__Data section__:
######
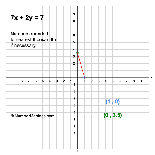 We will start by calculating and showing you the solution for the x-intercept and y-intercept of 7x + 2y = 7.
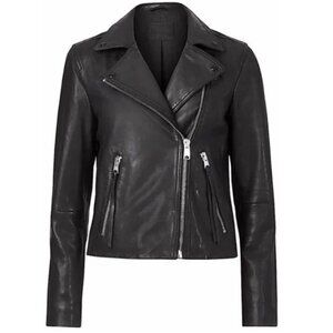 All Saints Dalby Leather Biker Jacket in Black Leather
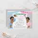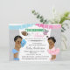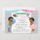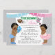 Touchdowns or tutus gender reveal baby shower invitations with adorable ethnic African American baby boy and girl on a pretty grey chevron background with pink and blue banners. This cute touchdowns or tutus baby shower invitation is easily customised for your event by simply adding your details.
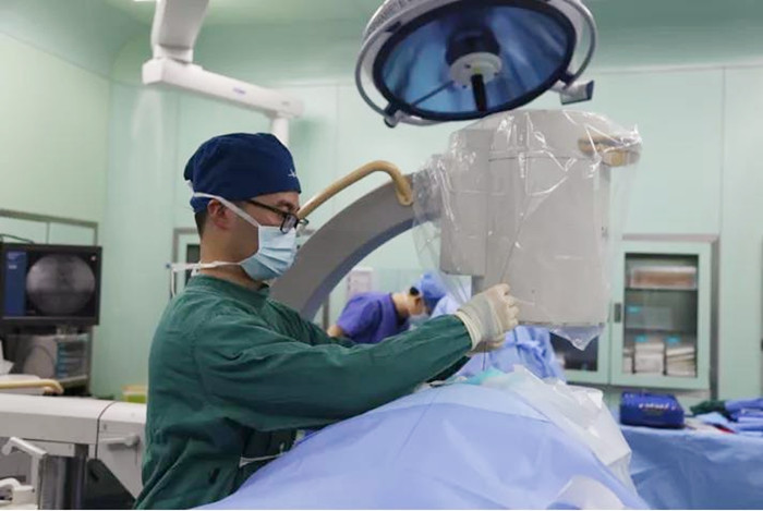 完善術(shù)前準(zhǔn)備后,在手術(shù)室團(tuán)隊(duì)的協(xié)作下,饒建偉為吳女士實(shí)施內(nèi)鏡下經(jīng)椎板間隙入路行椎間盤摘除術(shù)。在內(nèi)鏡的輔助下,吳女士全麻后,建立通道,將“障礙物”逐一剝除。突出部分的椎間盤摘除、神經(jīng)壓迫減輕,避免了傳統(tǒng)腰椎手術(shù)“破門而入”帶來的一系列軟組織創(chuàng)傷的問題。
######
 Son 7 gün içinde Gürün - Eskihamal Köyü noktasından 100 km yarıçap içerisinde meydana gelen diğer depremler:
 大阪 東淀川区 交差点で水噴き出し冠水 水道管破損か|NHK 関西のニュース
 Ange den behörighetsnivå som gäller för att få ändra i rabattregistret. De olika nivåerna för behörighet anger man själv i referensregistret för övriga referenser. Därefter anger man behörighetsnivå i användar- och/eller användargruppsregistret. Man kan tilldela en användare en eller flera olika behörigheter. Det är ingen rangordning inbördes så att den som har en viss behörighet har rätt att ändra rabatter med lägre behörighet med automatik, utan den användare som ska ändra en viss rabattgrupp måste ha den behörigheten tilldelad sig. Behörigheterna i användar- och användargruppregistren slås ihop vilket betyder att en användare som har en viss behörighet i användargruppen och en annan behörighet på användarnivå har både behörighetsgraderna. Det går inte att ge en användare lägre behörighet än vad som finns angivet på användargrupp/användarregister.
######
__Exercise details__:
Take the entries above and copy exactly the lines starting at the one with "We will start" and ending at the one with "完善術(shù)前準(zhǔ"; nothing outside that span, and no pictures.

__Completed exercise__:
 We will start by calculating and showing you the solution for the x-intercept and y-intercept of 7x + 2y = 7.
 All Saints Dalby Leather Biker Jacket in Black Leather
 Touchdowns or tutus gender reveal baby shower invitations with adorable ethnic African American baby boy and girl on a pretty grey chevron background with pink and blue banners. This cute touchdowns or tutus baby shower invitation is easily customised for your event by simply adding your details.
 完善術(shù)前準(zhǔn)備后,在手術(shù)室團(tuán)隊(duì)的協(xié)作下,饒建偉為吳女士實(shí)施內(nèi)鏡下經(jīng)椎板間隙入路行椎間盤摘除術(shù)。在內(nèi)鏡的輔助下,吳女士全麻后,建立通道,將“障礙物”逐一剝除。突出部分的椎間盤摘除、神經(jīng)壓迫減輕,避免了傳統(tǒng)腰椎手術(shù)“破門而入”帶來的一系列軟組織創(chuàng)傷的問題。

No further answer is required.